Biotransformations of Pituitary Luteinizing Hormone in Serum and Urine. I. Association with Serum Components1

Abstract

In an effort to elucidate the nature of luteinizing hormone (LH) in the circulation, studies in adult male rats were conducted using a highly purified and well-characterized tritiated and methylated ovine pituitary LH, a derivative which retains full biological activity. Following an i.v. injection of the radioactive hormone, serum chromatograms (molecular exclusion chromatography) are characterized by 3 radioactive components. The 1st one, a rapidly formed high molecular weight heterogeneous fraction, involves the non-covalent interaction of the hormone with one or more circulating proteins. These high molecular weight complexes are cleared rather slowly from the circulation, relative to the non-associated hormone.
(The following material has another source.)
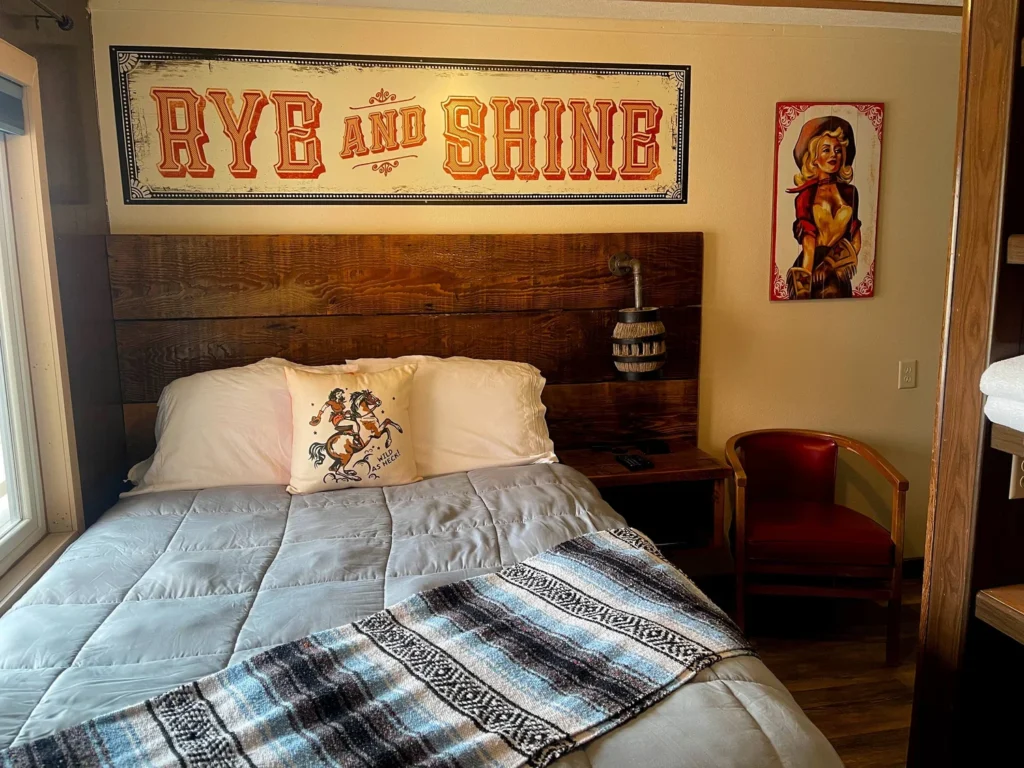 A cute little inn located right across the street from a “fancy but not fancy” establishment where you can enjoy local steaks, handcrafted sandwiches, unique cocktails and wonderful company at a historic eatery. The Stumble Inn has 5 rooms: The Whiskey Room ("Rye & Shine!"), the Gin Room, the Vodka Room, the Tequila Room, and the Roy Rogers Room!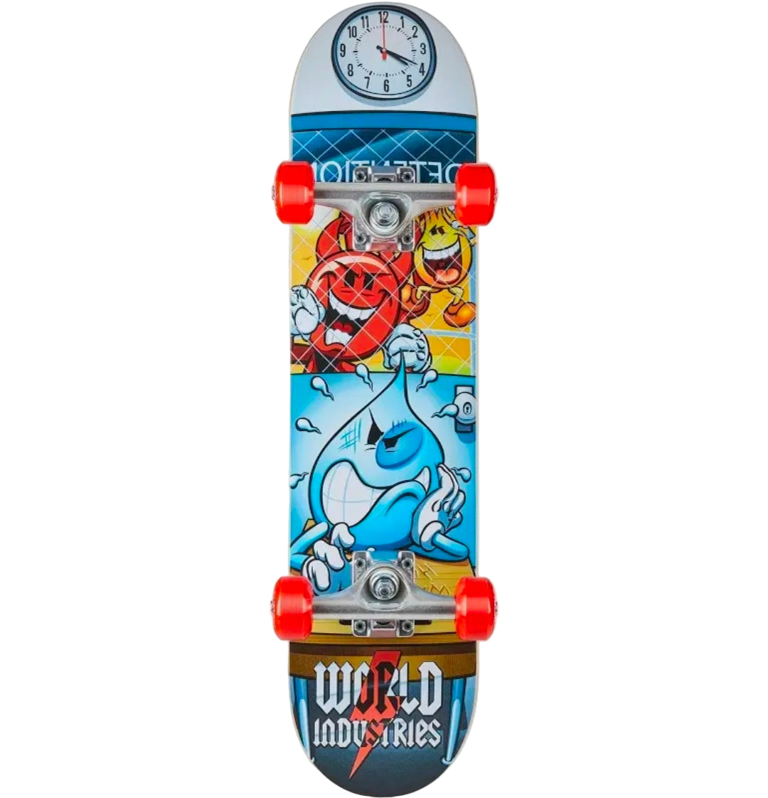 World Industries is dedicated to making the highest quality products available with proven performance at a very affordable price. The World Industries Detention Softtop Complete Skateboard in 6.5 x 28.5 is a complete skateboard from World Industries with soft top griptape instead of the normal abrasive griptape typically found on a standard complete skateboard. All set up right out of the box. World Industries detailing throughout.

A 2nd component co-chromatographs with control hormone and is rapidly cleared from the circulation. These 2 fractions retain full biological activity judged by their ability to stimulate testosterone production in Leydig cell suspensions. A 3rd component is observed in the circulation about 15 min after injection and was shown to represent tritiated amino acids. The lag period for the appearance of the labeled amino acids in the circulation correlates with the kinetics of hepatic and renal uptake and subsequent lysosomal catabolism of [3H]methylated-LH. The high molecular weight fraction may represent a physiologically important circulatory storage form for LH by conferring a relatively long circulatory half-life. This appears to be brought about mainly by reduced urinary excretion, presumably due to its high molecular weight.